■ **Task statement**:
With pictures excluded, copy word for word the lines in the data below from the line containing "Кол-во сладостей: 42 шт." through the line containing "Jia Bufake 小さな革靴の女性".

■ **Available data**:
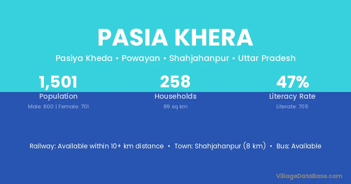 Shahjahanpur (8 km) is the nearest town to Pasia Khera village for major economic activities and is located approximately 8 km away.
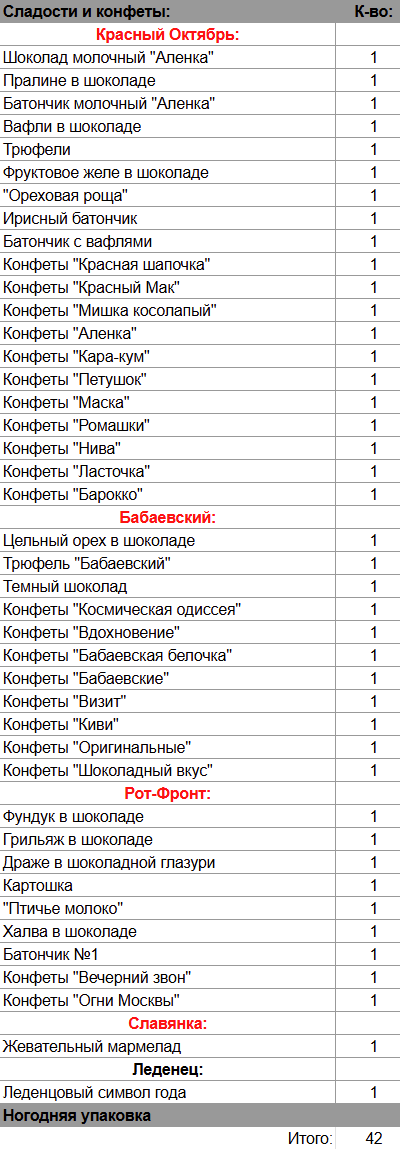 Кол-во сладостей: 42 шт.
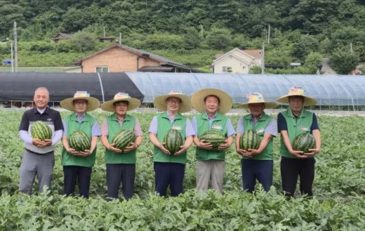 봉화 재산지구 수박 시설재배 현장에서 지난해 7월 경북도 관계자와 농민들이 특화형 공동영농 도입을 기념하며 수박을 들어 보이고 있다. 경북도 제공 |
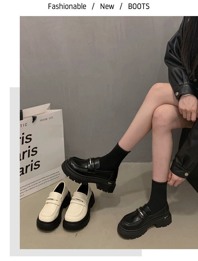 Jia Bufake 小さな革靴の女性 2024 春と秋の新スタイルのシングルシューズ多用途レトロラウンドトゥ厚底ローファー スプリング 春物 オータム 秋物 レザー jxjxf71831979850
---
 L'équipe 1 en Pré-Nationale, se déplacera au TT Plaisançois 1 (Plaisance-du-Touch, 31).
---
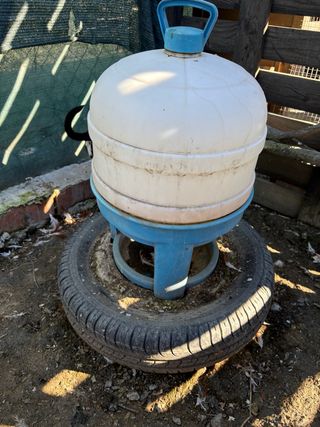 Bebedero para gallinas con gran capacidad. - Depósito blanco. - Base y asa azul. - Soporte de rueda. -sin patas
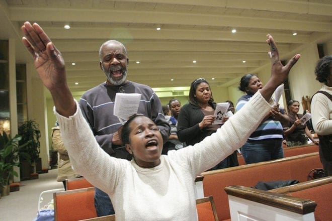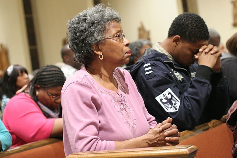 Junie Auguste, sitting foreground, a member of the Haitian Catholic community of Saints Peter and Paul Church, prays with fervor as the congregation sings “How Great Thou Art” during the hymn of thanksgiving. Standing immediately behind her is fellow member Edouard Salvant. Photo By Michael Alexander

■ **Solution to this exercise**:
 Кол-во сладостей: 42 шт.
 봉화 재산지구 수박 시설재배 현장에서 지난해 7월 경북도 관계자와 농민들이 특화형 공동영농 도입을 기념하며 수박을 들어 보이고 있다. 경북도 제공 |
 Jia Bufake 小さな革靴の女性 2024 春と秋の新スタイルのシングルシューズ多用途レトロラウンドトゥ厚底ローファー スプリング 春物 オータム 秋物 レザー jxjxf71831979850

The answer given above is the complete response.